Five answers have been received, none of which explains the difficulty arising from the well-known fact that a floating body is the same weight as the displaced fluid. Hecla says that "Only that portion of the smaller bucket which descends below the original level of the water can be properly said to be immersed, and only an equal bulk of water is displaced." Hence, according to Hecla, a solid whose weight was equal to that of an equal bulk of water, would not float till the whole of it was below "the original level" of the water: but, as a matter of fact, it would float as soon as it was all under water. Magpie says the fallacy is "the assumption that one body can displace another from a place where it isn't", and that Lardner's assertion is incorrect, except when the containing vessel "was originally full to the brim". But the question of floating depends on the present state of things, not on past history. Old King Cole takes the same view as Hecla. Tympanum and Vindex assume that "displaced" means "raised above its original level", and merely explain how it comes to pass that the water, so raised, is less in bulk than the immersed portion of bucket, and thus land themselves --or rather set themselves floating--in the same boat as Hecla.
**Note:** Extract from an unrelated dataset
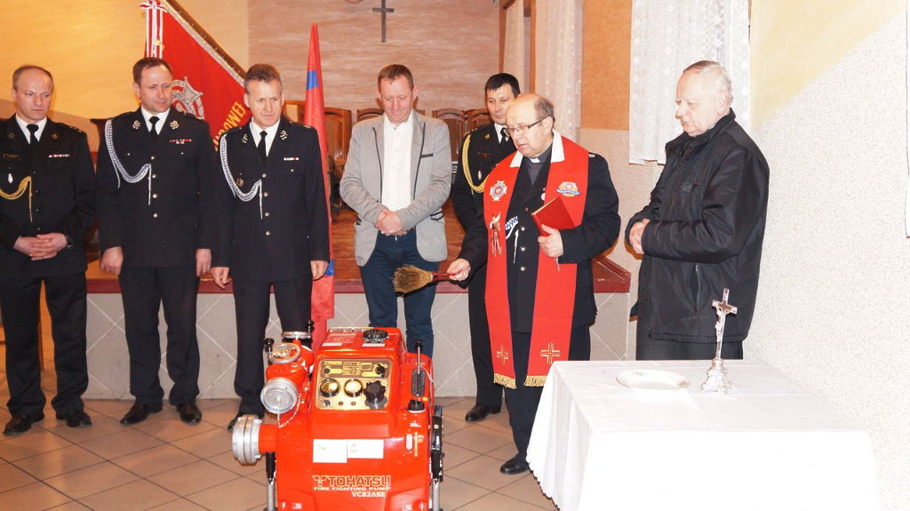 Punktem kulminacyjnym spotkania było uroczyste poświęcenie zakupionej nowej motopompy, którego dokonali obecni księża.
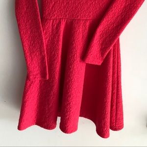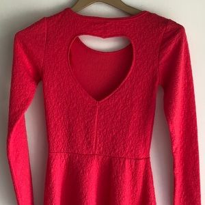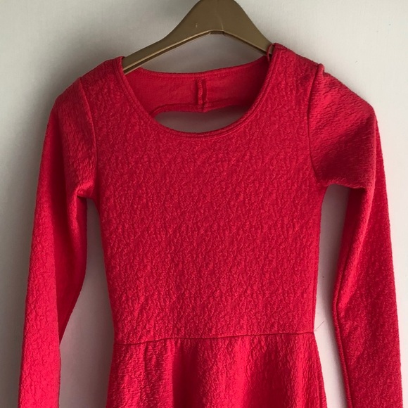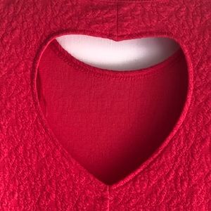 Cute, reddish pink, heart cut out on the back. Great for preteen! Modest higher neck. Quilted like texture.

I regret that there is no Class List to publish for this Problem.
§ 2. Balbus's Essay
Problem.--Balbus states that if a certain solid be immersed in a certain vessel of water, the water will rise through a series of distances, two inches, one inch, half an inch, etc., which series has no end. He concludes that the water will rise without limit. Is this true?
Solution.--No. This series can never reach 4 inches, since, however many terms we take, we are always short of 4 inches by an amount equal to the last term taken.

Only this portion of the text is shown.